▶ **YOUR GOAL**
Where the line containing "えさやり体験、乗馬体験、厩舎" appears below, begin there and reproduce each line exactly through the last one, omitting pictures.

▶ **GIVEN RECORDS**
[Start of Attachment]
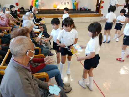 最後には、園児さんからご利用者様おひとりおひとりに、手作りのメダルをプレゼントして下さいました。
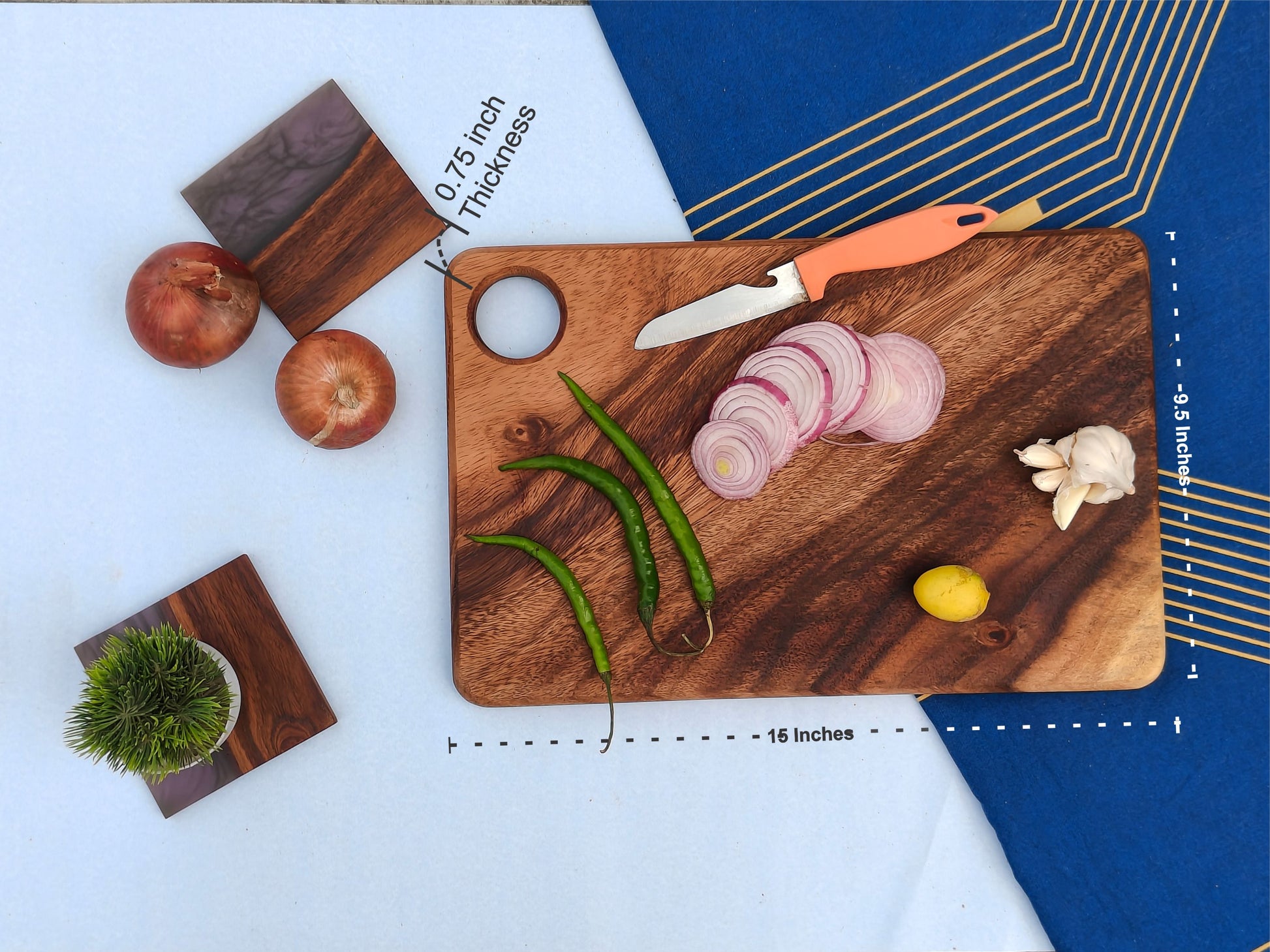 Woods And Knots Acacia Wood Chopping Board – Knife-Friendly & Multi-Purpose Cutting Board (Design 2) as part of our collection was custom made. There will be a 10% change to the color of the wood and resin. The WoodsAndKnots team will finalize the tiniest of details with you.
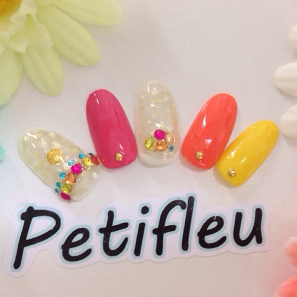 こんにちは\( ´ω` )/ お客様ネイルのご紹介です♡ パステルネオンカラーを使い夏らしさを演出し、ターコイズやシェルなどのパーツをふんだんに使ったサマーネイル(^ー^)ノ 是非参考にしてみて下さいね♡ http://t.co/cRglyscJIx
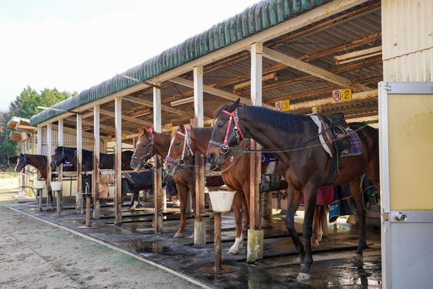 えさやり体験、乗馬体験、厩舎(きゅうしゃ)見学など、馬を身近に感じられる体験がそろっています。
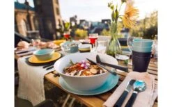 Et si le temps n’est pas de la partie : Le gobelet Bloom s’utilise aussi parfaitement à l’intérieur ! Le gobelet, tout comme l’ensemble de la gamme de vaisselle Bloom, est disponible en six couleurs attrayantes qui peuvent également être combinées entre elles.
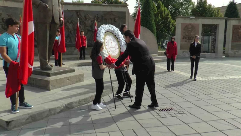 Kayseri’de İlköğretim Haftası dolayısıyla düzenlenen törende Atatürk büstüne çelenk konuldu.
[End of Attachment]
▶ **FINISHED TASK**
 えさやり体験、乗馬体験、厩舎(きゅうしゃ)見学など、馬を身近に感じられる体験がそろっています。
 Et si le temps n’est pas de la partie : Le gobelet Bloom s’utilise aussi parfaitement à l’intérieur ! Le gobelet, tout comme l’ensemble de la gamme de vaisselle Bloom, est disponible en six couleurs attrayantes qui peuvent également être combinées entre elles.
 Kayseri’de İlköğretim Haftası dolayısıyla düzenlenen törende Atatürk büstüne çelenk konuldu.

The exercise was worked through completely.